Very Simple Illustration of a Call Option on a stock
In the Indian market, Options cannot be sold or purchased on any and every stock. SEBI has permitted Options trading on only certain stocks that meet its stringent criteria. These stocks are chosen from amongst the top 500 stocks in terms of average daily market capitalisation and average daily traded value in the previous six months on a rolling basis, amongst other technical criteria.
Suppose the AGM of RIL is due to be held shortly and you believe that an important announcement will be made at the AGM. While the share is currently quoting at Rs 950, you feel that this announcement will drive the price upwards, beyond Rs 950. However, you are reluctant to purchase Reliance in the cash market as it involves too large an investment and you would rather not purchase it in the futures market as futures leave you open to an unlimited risk, in case the market goes against you. Yet you do not want to lose the opportunity to benefit from this rise in price due to the announcement and you are ready to stake a small sum of money to rid yourself of the uncertainty. An Option is ideal for you. Depending on what is available in the Options market, you may be able to buy a Call Option of Reliance at a strike price of 970, although the spot price is Rs 950 at present, by paying a premium of Rs 10 per share. The total premium that you will have to pay is Rs 6,000, since one contract of Reliance consists of 600 shares.
You start making profits once the price of Reliance in the cash market crosses Rs 980 per share (i.e., your strike price of Rs 970 + premium paid of Rs 10).

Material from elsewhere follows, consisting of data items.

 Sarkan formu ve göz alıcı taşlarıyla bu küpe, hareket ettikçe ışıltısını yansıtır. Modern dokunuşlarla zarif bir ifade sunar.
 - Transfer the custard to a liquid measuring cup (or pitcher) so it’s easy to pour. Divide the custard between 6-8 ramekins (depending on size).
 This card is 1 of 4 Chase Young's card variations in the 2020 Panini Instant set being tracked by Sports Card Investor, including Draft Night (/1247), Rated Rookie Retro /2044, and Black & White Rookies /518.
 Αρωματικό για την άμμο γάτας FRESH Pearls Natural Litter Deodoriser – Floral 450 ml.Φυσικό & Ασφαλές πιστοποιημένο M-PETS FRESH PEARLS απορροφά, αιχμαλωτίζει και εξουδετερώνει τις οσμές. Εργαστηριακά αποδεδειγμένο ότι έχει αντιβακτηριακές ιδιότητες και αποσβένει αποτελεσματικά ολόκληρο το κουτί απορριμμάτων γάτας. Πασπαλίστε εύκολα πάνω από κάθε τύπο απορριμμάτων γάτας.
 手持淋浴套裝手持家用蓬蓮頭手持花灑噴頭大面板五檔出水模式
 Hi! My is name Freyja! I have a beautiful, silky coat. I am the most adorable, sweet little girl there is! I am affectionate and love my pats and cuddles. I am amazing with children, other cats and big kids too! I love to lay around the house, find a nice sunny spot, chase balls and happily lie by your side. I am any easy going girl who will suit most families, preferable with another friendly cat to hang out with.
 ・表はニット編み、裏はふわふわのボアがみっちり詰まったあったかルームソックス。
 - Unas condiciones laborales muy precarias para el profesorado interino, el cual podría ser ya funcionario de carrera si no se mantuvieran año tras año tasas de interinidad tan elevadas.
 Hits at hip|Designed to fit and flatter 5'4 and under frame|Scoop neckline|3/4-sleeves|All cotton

Now let's take a look at how your investment performs under various scenarios. If the AGM does not result in any spectacular announcements and the share price remains static at Rs 950 or drifts lower to Rs 930 because market players are disappointed, you could allow the Call Option on Reliance to lapse. In this case, your loss would be Rs 10 per share, amounting to a total of Rs 6,000. However, things could have been worse if you had purchased the same shares in the cash market or in the futures segment.

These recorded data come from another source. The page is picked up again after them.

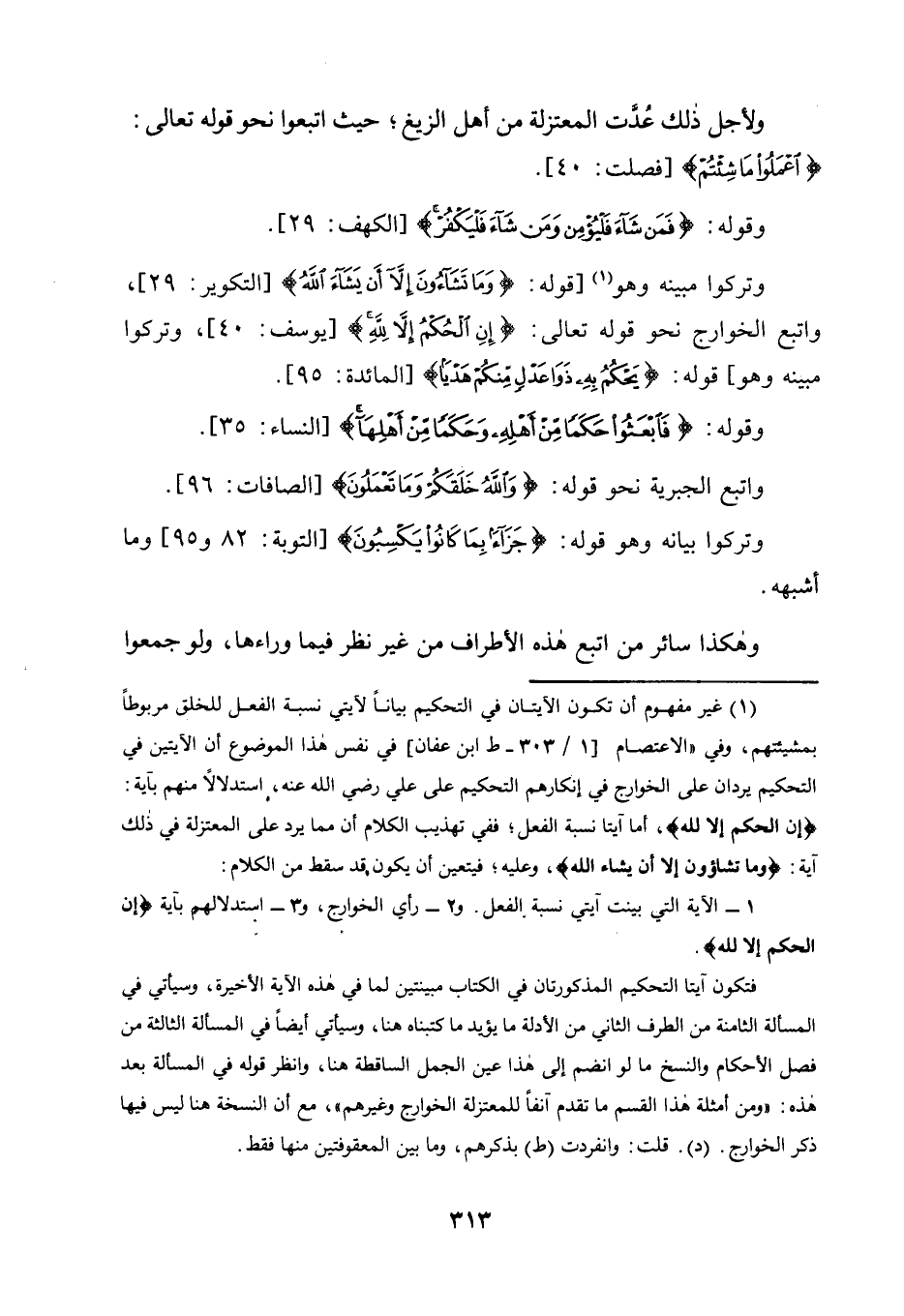 1 غير مفهوم أن تكون الآيتان في التحكيم بيانا لآيتي نسبة الفعل للخلق مربوطا بمشيئتهم، وفي "الاعتصام [1/ 303 - ط ابن عفان] في نفس هذا الموضوع أن الآيتين في التحكيم يردان على الخوارج في إنكارهم التحكيم على علي رضي الله عنه، استدلالا منهم بآية: {إِنِ الْحُكْمُ إِلَّا لِلَّه} ، أما آيتا نسبة الفعل؛ ففي تهذيب الكلام أن مما يرد على المعتزلة في ذلك آية: {وَمَا تَشَاءُونَ إِلَّا أَنْ يَشَاءَ اللَّهُ} ، وعليه؛ فيتعين أن يكون قد سقط من الكلام.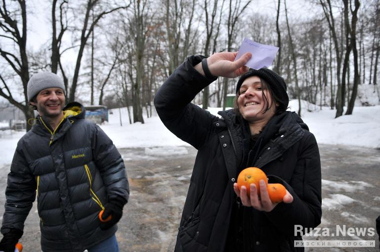 Всех, кто пришёл зарядиться цитрусовым весельем, да и просто прохожих Дед Мороз угощал мандаринами с предсказаниями.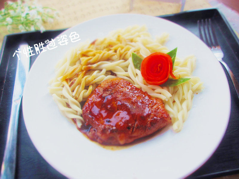 10:进行摆盘,猪排通心粉放入盘中浇上做好的黑胡椒汁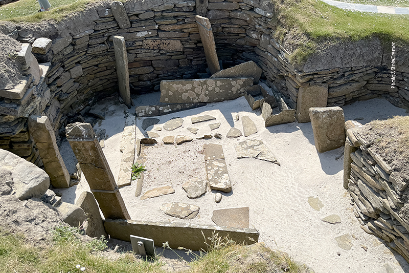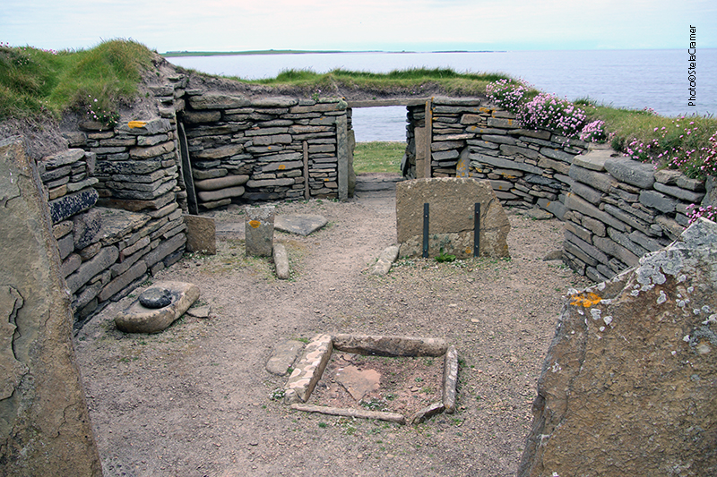 Esta fazenda Neolítica pode ser a mais antiga casa de pedra preservada do Norte da Europa. Datação por radiocarbono mostra que foi ocupada de 3700 a 2800 AC, isto é, antes das casas semelhantes em Skara Brae. / This Neolithic farmstead which may be the oldest preserved stone house in northern Europe.Radiocarbon dating shows that it was occupied from 3700 BC to 2800 BC, earlier than the similar houses in the settlement at Skara Brae.

On the other hand, if the company makes an important announcement, it would result in a good amount of buying and the share price may move to Rs 1,000. You would stand to gain Rs 20 per share, i.e., Rs 1,000 less Rs 980 (strike price of Rs 970 + premium of Rs 10), which was your cost per share.
As in the case of the index Call Option, the writer of this Options would stand to gain only when you lose and vice versa, and to the same extent as your gain/loss.